- **PROVIDED MATERIAL**:
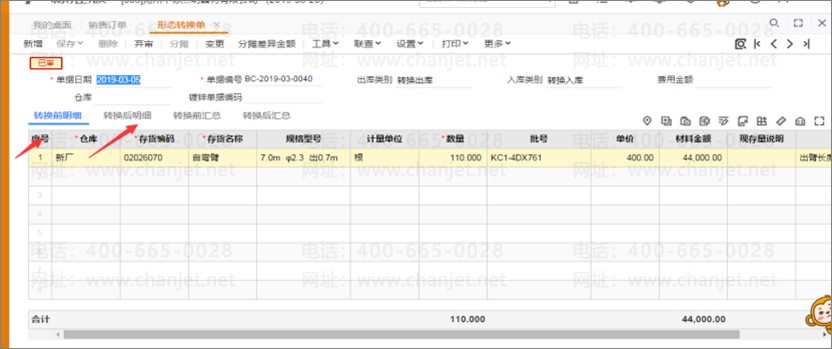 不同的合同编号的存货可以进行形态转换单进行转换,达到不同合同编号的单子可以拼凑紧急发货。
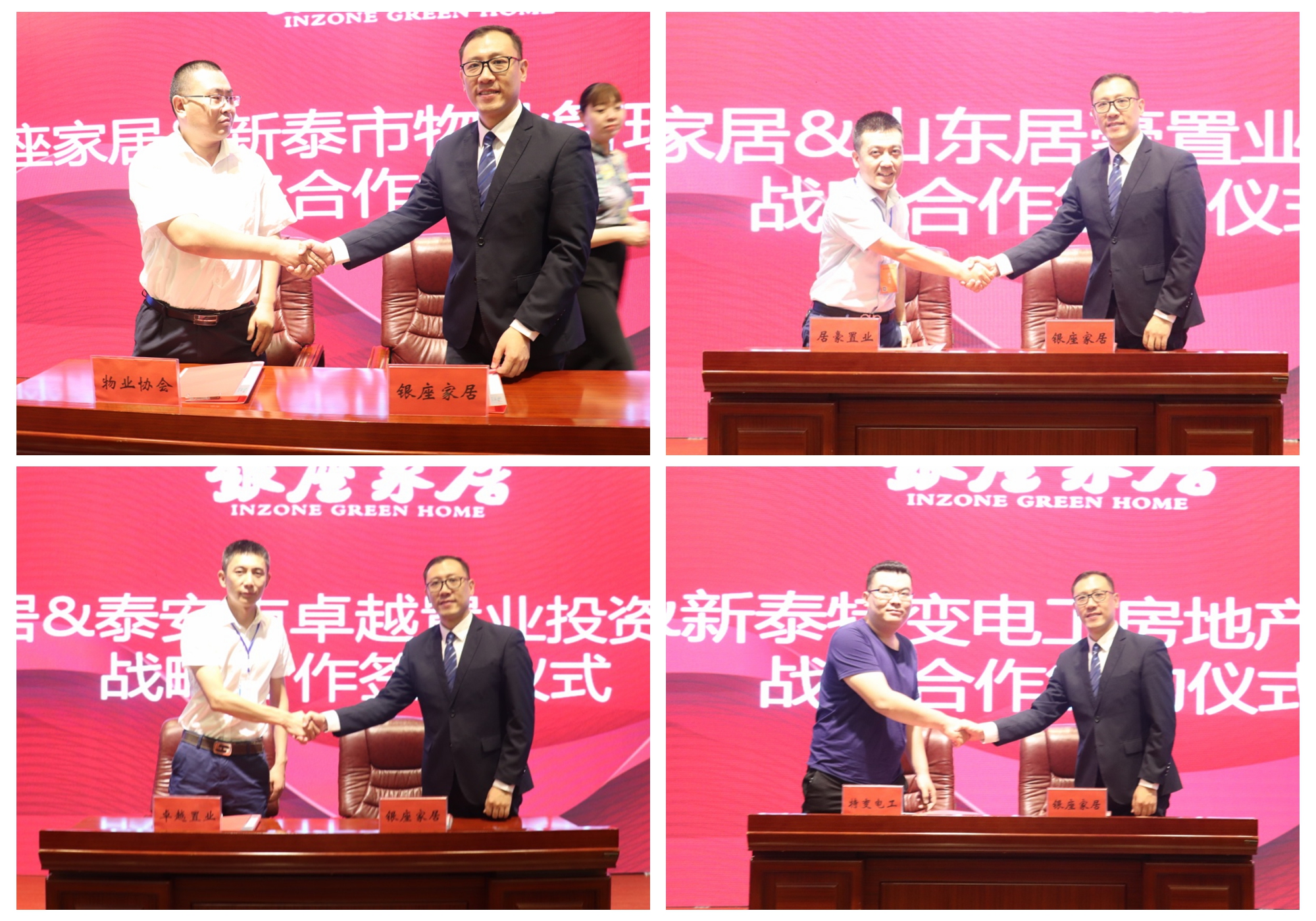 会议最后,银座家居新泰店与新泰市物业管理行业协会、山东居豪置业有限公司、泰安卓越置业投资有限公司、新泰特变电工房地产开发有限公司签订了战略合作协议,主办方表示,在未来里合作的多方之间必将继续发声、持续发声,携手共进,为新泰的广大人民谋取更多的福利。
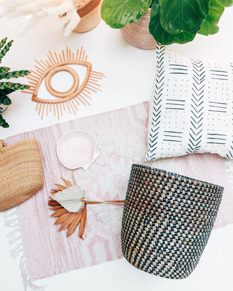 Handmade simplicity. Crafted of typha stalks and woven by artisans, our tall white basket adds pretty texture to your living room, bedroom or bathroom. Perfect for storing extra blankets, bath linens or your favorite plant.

- **ACTION ITEM**:
I would like the data above transcribed exactly, with its pictures left out.

- **ANSWER TO THE EXERCISE**:
 不同的合同编号的存货可以进行形态转换单进行转换,达到不同合同编号的单子可以拼凑紧急发货。
 会议最后,银座家居新泰店与新泰市物业管理行业协会、山东居豪置业有限公司、泰安卓越置业投资有限公司、新泰特变电工房地产开发有限公司签订了战略合作协议,主办方表示,在未来里合作的多方之间必将继续发声、持续发声,携手共进,为新泰的广大人民谋取更多的福利。
 Handmade simplicity. Crafted of typha stalks and woven by artisans, our tall white basket adds pretty texture to your living room, bedroom or bathroom. Perfect for storing extra blankets, bath linens or your favorite plant.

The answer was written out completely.